Data extracts below:

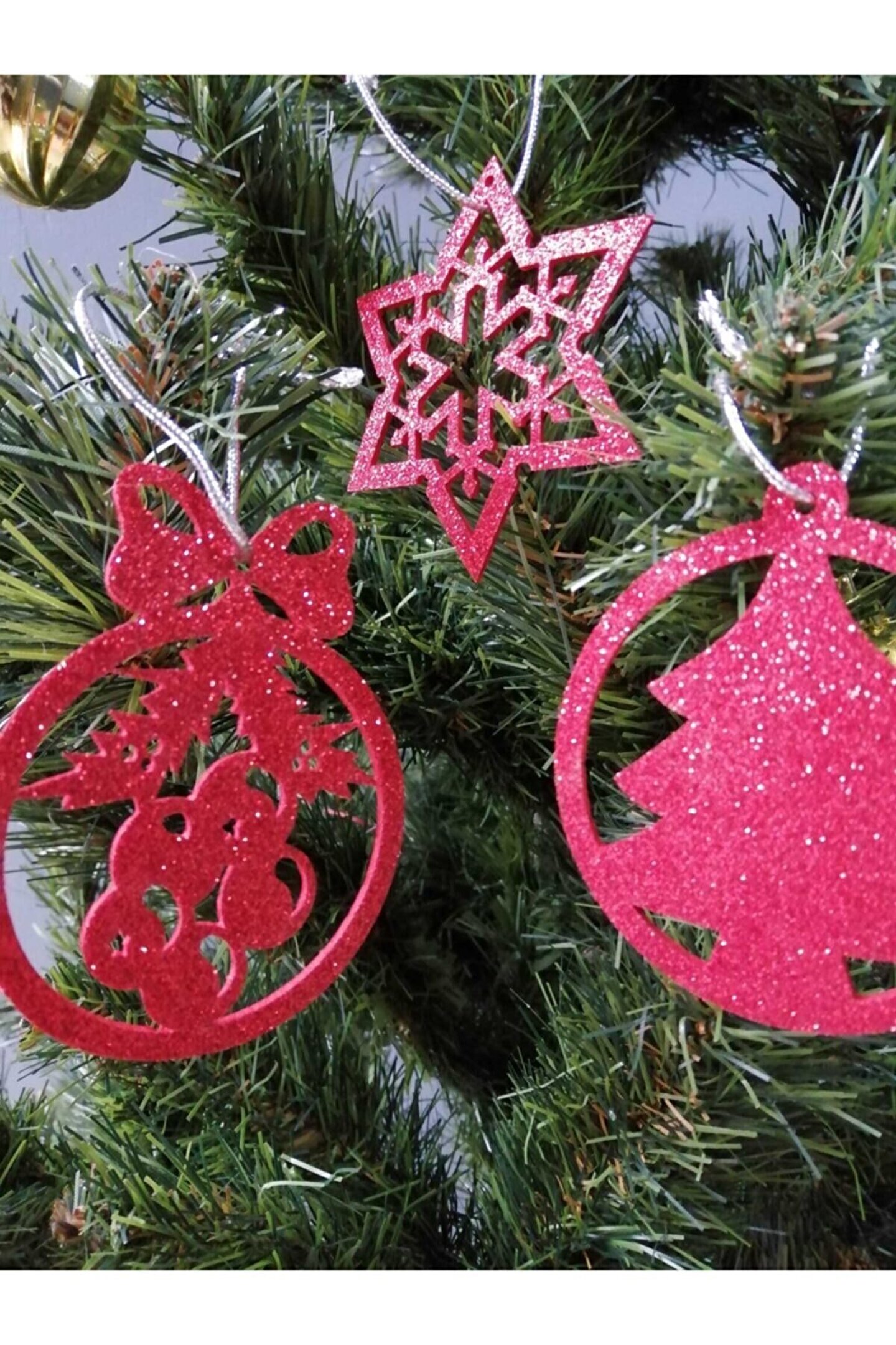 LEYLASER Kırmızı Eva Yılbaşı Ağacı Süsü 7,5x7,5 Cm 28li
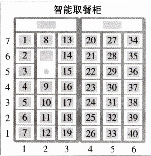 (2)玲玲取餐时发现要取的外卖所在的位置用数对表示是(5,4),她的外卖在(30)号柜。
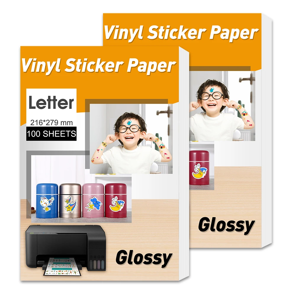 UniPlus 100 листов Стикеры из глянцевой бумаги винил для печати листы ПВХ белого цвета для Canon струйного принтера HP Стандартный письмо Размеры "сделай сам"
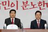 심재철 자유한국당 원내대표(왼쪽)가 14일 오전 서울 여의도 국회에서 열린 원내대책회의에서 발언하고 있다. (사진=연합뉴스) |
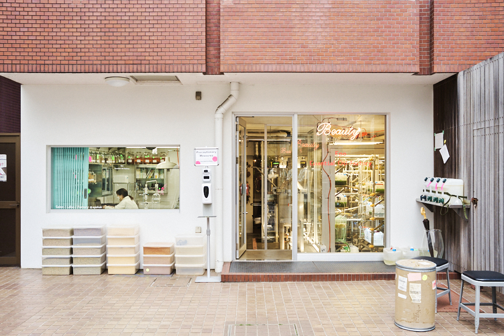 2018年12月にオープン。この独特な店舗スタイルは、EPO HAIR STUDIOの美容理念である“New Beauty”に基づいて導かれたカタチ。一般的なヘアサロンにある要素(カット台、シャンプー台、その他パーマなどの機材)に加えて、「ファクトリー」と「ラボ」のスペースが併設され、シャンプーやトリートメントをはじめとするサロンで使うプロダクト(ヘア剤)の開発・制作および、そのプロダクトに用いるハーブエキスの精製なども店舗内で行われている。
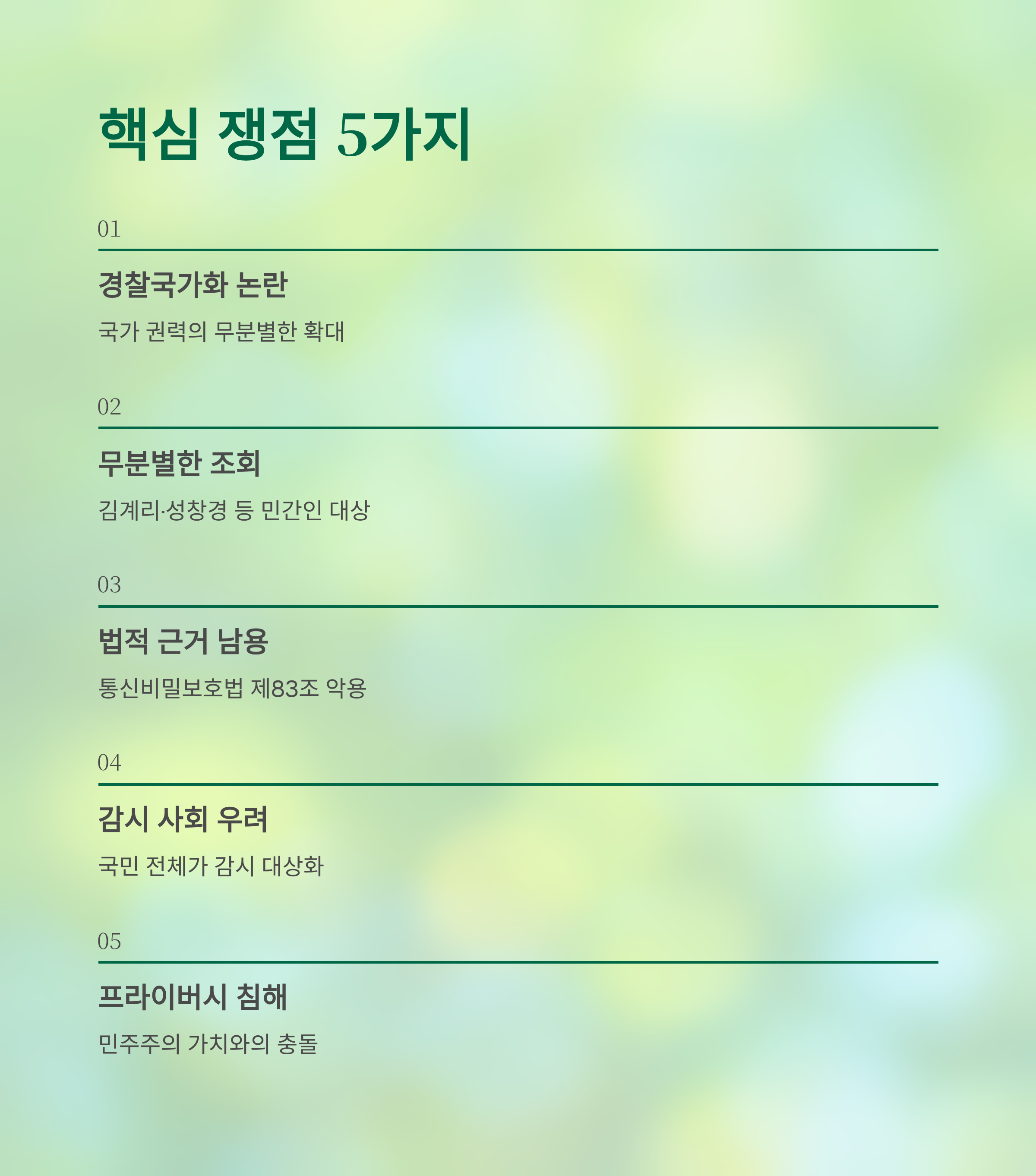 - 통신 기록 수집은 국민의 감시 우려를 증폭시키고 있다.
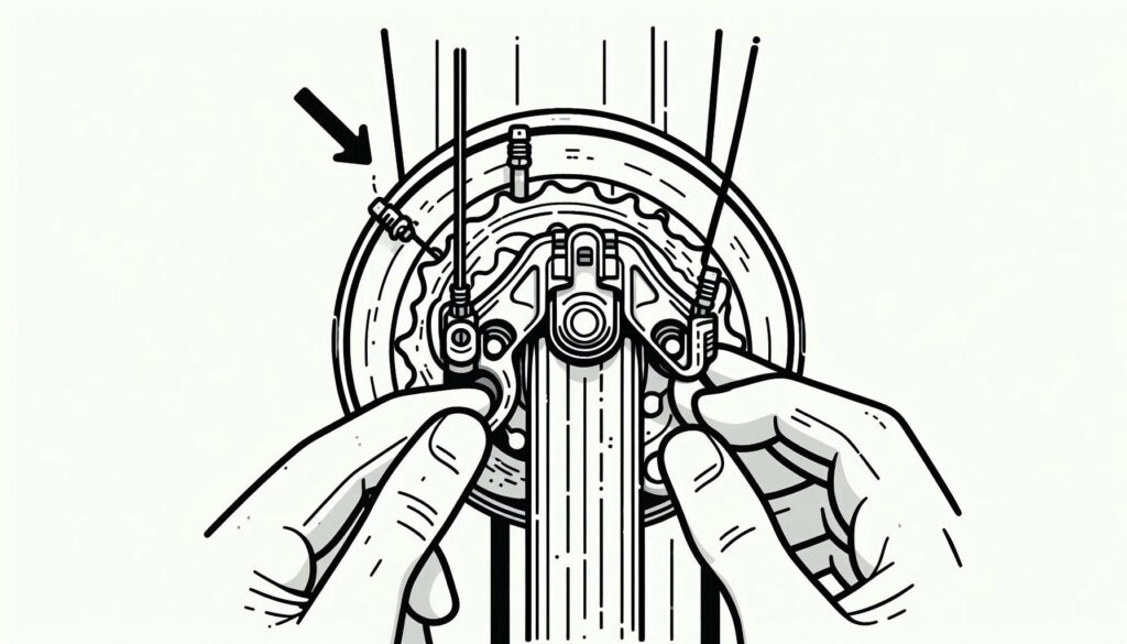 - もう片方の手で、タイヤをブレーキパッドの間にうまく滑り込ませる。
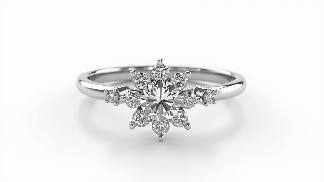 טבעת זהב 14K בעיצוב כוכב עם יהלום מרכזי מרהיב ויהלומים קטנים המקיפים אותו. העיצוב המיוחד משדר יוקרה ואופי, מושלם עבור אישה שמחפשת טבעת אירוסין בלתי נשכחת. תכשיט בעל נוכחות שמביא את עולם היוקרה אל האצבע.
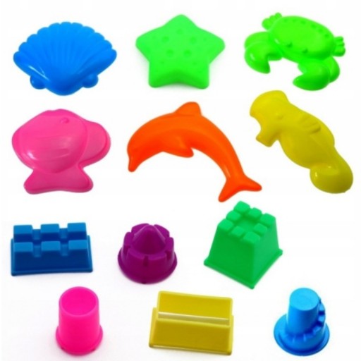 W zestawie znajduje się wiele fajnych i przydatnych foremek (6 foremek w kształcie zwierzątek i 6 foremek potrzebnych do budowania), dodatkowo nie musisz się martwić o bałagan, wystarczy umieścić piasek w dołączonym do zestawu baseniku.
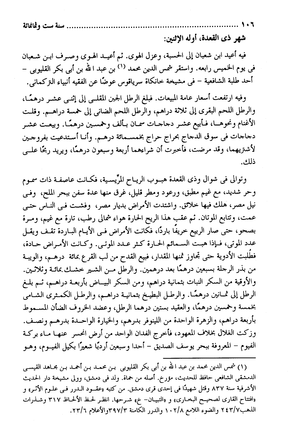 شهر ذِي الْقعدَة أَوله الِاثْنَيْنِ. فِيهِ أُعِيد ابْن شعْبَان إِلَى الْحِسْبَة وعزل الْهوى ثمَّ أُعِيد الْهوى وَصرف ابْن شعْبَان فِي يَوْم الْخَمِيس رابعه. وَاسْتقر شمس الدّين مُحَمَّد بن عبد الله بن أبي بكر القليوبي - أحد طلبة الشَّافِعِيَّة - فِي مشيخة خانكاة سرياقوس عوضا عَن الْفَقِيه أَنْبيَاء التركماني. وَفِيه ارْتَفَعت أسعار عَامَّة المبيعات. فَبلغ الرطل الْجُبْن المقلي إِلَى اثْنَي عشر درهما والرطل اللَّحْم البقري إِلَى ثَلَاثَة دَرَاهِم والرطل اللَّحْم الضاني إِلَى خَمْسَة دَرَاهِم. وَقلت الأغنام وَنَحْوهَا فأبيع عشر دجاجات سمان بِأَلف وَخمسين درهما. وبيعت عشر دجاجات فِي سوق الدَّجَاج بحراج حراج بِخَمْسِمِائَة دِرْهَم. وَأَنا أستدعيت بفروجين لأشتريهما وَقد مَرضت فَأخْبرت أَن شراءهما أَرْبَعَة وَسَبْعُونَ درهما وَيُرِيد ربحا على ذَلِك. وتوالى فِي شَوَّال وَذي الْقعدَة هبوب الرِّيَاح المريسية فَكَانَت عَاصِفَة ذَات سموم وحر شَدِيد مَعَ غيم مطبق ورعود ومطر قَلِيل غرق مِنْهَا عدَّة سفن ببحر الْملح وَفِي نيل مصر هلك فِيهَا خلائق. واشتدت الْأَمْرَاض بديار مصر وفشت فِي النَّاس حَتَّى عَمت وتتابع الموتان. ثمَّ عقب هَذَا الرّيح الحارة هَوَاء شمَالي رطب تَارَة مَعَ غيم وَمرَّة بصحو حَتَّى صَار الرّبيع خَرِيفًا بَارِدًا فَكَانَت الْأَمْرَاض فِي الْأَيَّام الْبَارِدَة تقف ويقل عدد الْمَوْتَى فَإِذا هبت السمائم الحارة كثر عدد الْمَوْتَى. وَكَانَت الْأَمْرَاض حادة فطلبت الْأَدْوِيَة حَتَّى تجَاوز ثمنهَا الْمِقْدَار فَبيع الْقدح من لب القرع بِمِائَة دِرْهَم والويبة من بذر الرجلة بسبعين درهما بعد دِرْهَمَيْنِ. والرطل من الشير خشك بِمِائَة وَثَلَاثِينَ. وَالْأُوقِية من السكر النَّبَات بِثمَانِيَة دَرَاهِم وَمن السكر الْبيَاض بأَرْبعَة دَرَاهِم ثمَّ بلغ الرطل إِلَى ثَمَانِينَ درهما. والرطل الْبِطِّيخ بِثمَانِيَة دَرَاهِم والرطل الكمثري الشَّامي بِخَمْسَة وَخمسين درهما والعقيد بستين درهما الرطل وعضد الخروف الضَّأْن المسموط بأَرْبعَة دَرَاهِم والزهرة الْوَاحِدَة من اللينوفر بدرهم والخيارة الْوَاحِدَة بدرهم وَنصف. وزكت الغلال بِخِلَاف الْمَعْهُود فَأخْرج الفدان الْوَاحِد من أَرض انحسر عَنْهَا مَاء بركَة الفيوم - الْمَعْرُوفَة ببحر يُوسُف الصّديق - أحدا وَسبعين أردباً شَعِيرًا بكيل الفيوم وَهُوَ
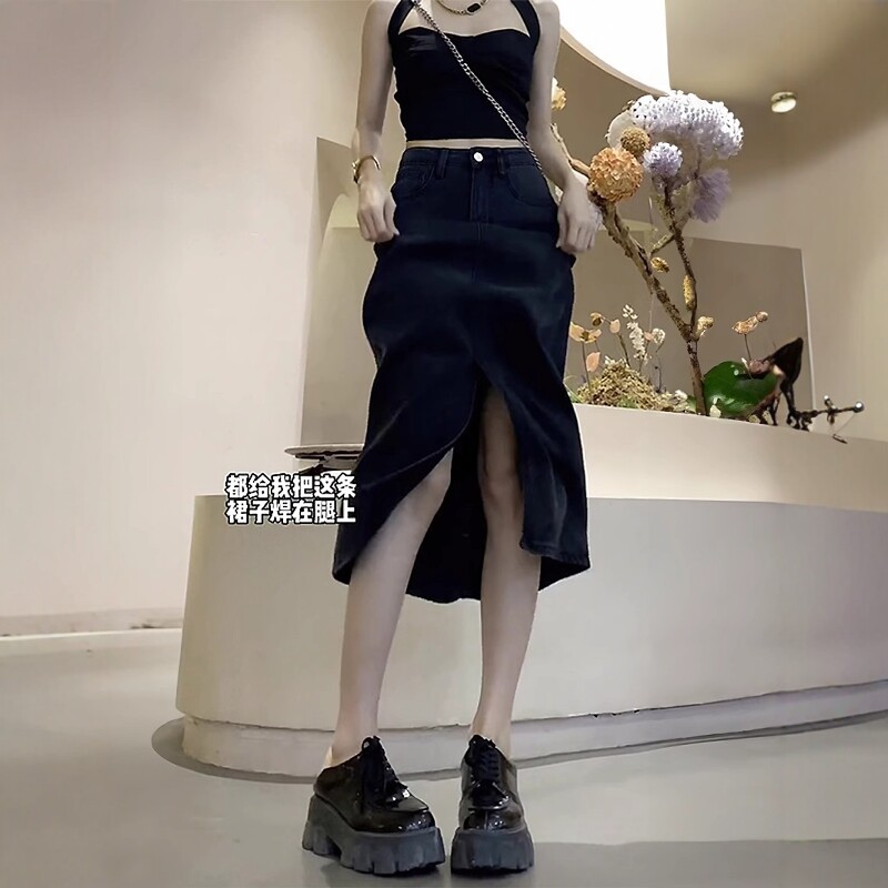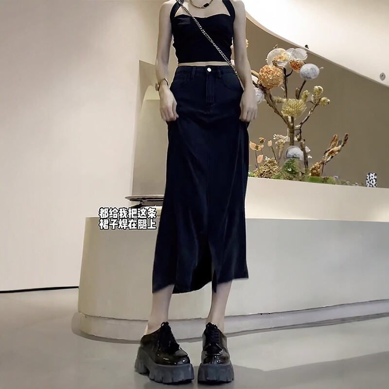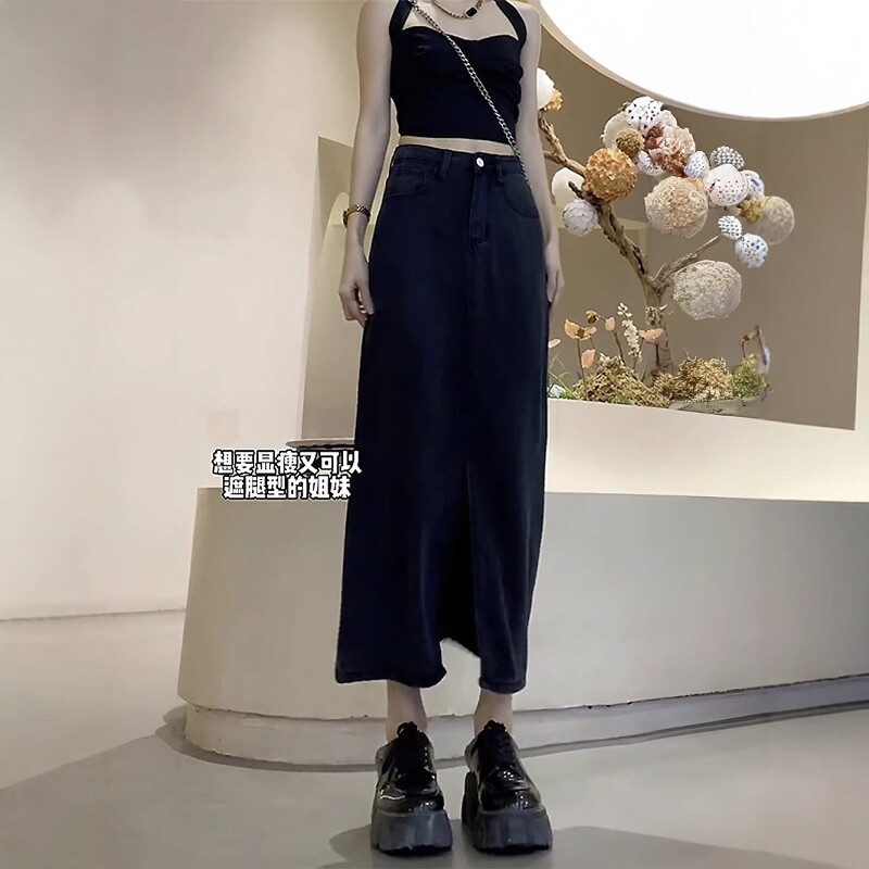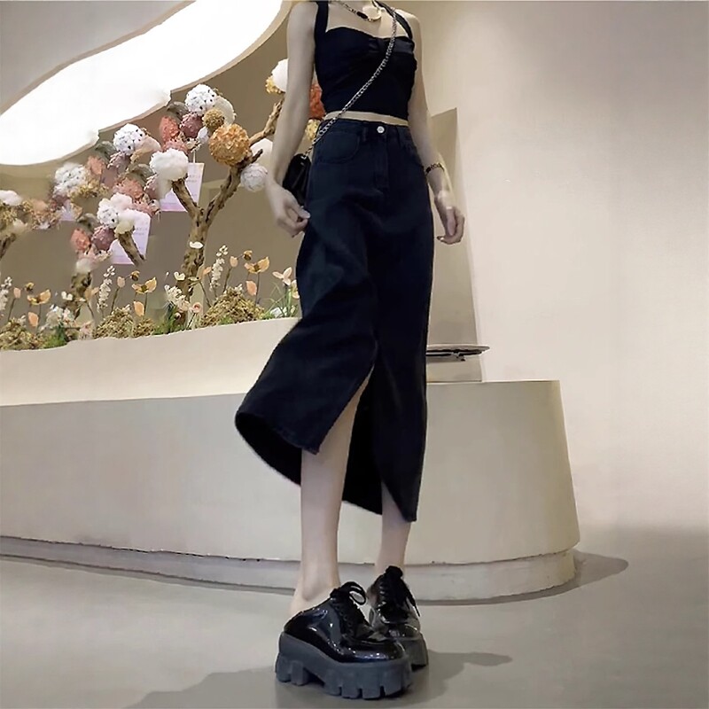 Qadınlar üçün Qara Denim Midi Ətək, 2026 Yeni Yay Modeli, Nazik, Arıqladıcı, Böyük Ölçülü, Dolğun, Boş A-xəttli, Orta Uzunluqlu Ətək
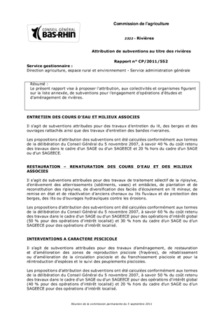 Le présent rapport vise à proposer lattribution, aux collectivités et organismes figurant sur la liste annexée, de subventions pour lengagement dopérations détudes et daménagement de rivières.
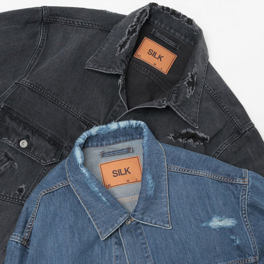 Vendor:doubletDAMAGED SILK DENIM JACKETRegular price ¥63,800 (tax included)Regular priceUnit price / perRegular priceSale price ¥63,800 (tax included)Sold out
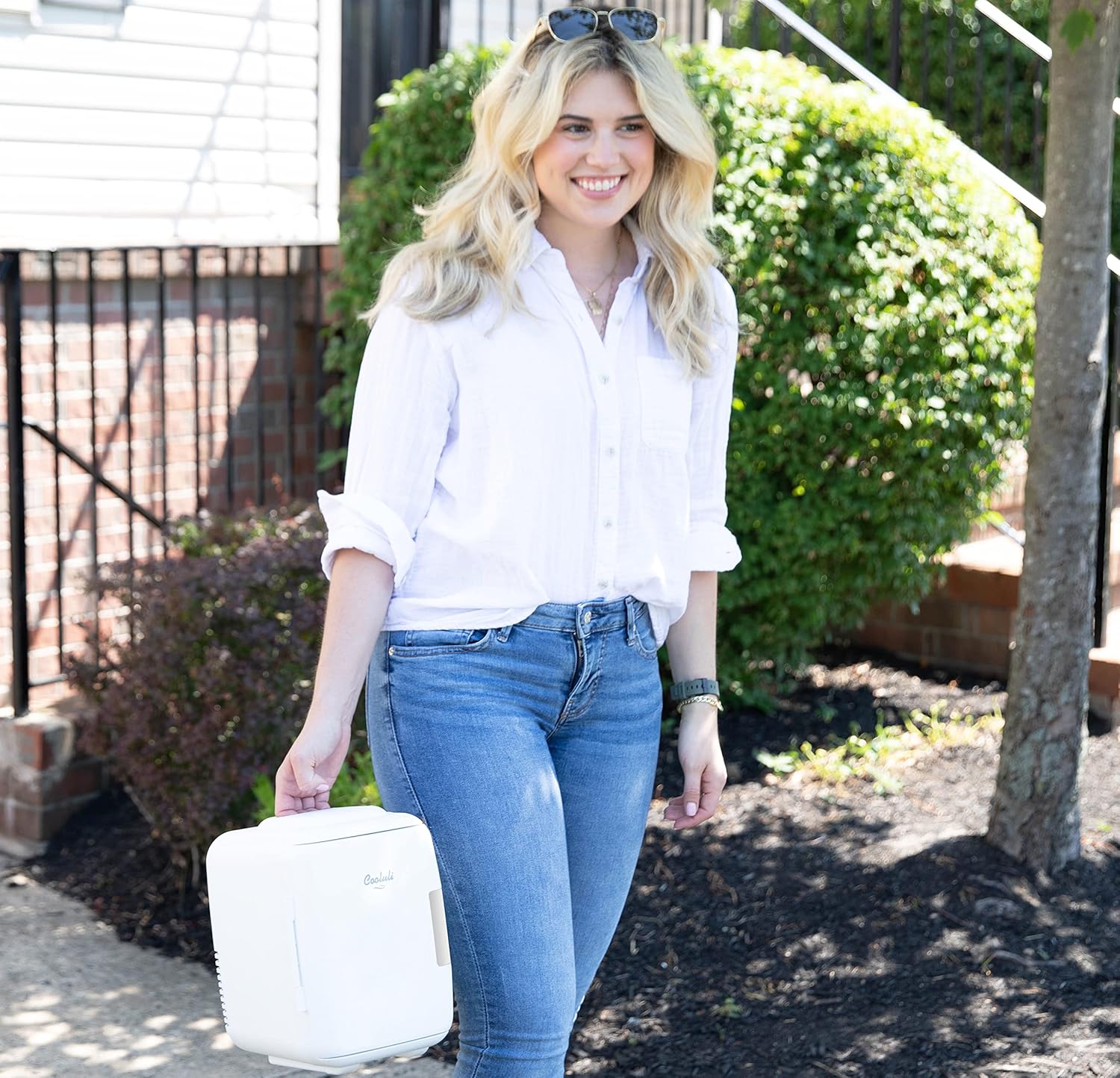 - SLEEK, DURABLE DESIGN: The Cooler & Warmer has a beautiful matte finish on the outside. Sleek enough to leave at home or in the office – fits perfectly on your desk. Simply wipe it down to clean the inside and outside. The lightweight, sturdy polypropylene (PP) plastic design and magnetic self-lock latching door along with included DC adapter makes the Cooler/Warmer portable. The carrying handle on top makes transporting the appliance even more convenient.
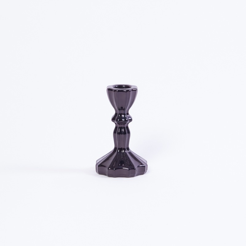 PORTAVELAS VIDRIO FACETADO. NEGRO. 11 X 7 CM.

End of Data extracts.

**Work required**
Everything from the first line of the entries through the line containing "심재철 자유한국당 원내대표(왼쪽)가" is to be transcribed exactly; the pictures are not.

**Response area**
 LEYLASER Kırmızı Eva Yılbaşı Ağacı Süsü 7,5x7,5 Cm 28li
 (2)玲玲取餐时发现要取的外卖所在的位置用数对表示是(5,4),她的外卖在(30)号柜。
 UniPlus 100 листов Стикеры из глянцевой бумаги винил для печати листы ПВХ белого цвета для Canon струйного принтера HP Стандартный письмо Размеры "сделай сам"
 심재철 자유한국당 원내대표(왼쪽)가 14일 오전 서울 여의도 국회에서 열린 원내대책회의에서 발언하고 있다. (사진=연합뉴스) |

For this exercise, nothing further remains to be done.